Task brief:
What the response needs is every record, repeated verbatim, and no images.

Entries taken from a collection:
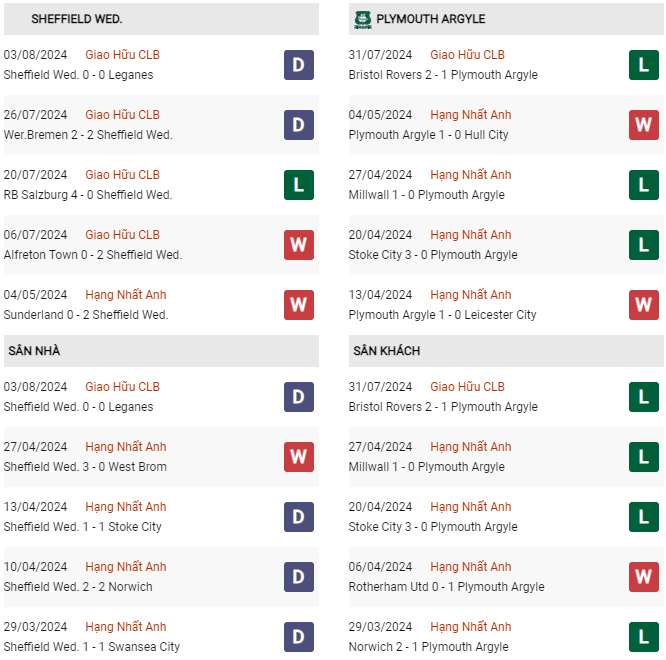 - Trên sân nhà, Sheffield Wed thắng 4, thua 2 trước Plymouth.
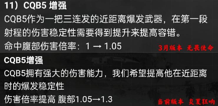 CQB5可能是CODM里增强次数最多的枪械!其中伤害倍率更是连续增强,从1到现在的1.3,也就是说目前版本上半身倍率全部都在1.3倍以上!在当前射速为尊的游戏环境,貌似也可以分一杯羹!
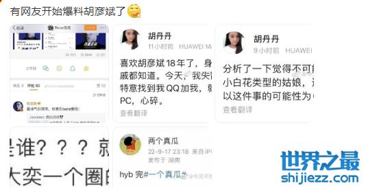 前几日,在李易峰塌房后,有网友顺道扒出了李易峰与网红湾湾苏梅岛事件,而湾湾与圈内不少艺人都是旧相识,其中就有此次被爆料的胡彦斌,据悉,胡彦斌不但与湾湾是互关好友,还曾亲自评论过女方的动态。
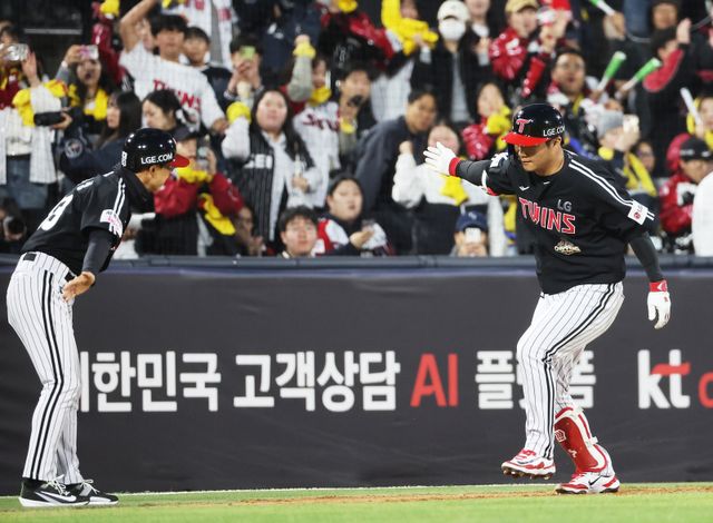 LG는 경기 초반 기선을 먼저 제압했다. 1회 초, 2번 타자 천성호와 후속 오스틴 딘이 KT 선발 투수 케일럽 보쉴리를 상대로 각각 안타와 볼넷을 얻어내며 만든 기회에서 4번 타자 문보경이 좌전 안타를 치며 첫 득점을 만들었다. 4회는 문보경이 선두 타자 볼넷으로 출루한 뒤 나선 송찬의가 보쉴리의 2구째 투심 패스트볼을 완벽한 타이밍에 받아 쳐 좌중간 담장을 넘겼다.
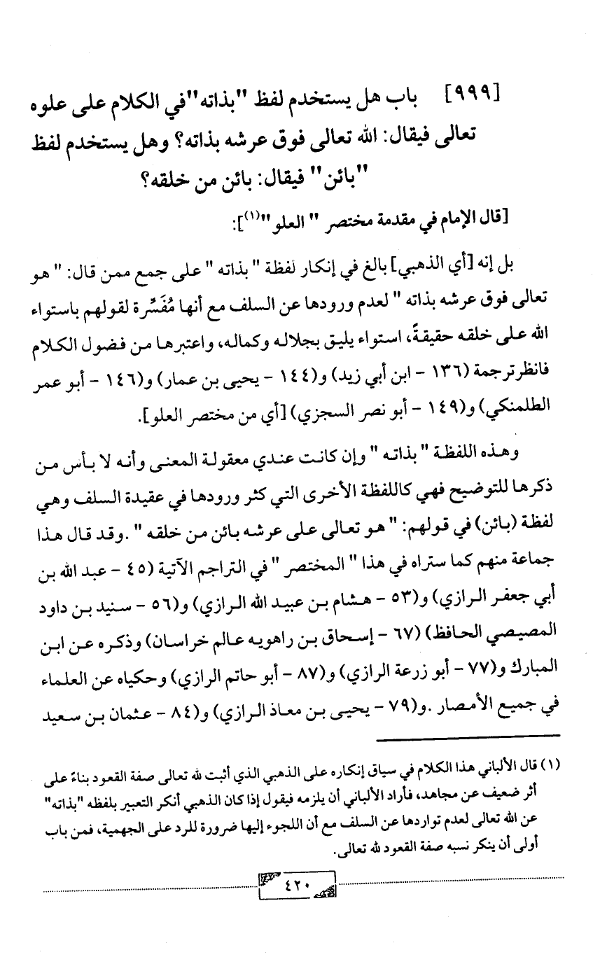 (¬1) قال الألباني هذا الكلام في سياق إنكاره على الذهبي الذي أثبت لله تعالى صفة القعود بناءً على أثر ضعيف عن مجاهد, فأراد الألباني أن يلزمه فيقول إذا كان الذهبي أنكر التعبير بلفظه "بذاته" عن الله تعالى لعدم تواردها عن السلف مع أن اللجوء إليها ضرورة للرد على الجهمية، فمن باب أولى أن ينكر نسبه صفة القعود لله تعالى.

Response:
 - Trên sân nhà, Sheffield Wed thắng 4, thua 2 trước Plymouth.
 CQB5可能是CODM里增强次数最多的枪械!其中伤害倍率更是连续增强,从1到现在的1.3,也就是说目前版本上半身倍率全部都在1.3倍以上!在当前射速为尊的游戏环境,貌似也可以分一杯羹!
 前几日,在李易峰塌房后,有网友顺道扒出了李易峰与网红湾湾苏梅岛事件,而湾湾与圈内不少艺人都是旧相识,其中就有此次被爆料的胡彦斌,据悉,胡彦斌不但与湾湾是互关好友,还曾亲自评论过女方的动态。
 LG는 경기 초반 기선을 먼저 제압했다. 1회 초, 2번 타자 천성호와 후속 오스틴 딘이 KT 선발 투수 케일럽 보쉴리를 상대로 각각 안타와 볼넷을 얻어내며 만든 기회에서 4번 타자 문보경이 좌전 안타를 치며 첫 득점을 만들었다. 4회는 문보경이 선두 타자 볼넷으로 출루한 뒤 나선 송찬의가 보쉴리의 2구째 투심 패스트볼을 완벽한 타이밍에 받아 쳐 좌중간 담장을 넘겼다.
 (¬1) قال الألباني هذا الكلام في سياق إنكاره على الذهبي الذي أثبت لله تعالى صفة القعود بناءً على أثر ضعيف عن مجاهد, فأراد الألباني أن يلزمه فيقول إذا كان الذهبي أنكر التعبير بلفظه "بذاته" عن الله تعالى لعدم تواردها عن السلف مع أن اللجوء إليها ضرورة للرد على الجهمية، فمن باب أولى أن ينكر نسبه صفة القعود لله تعالى.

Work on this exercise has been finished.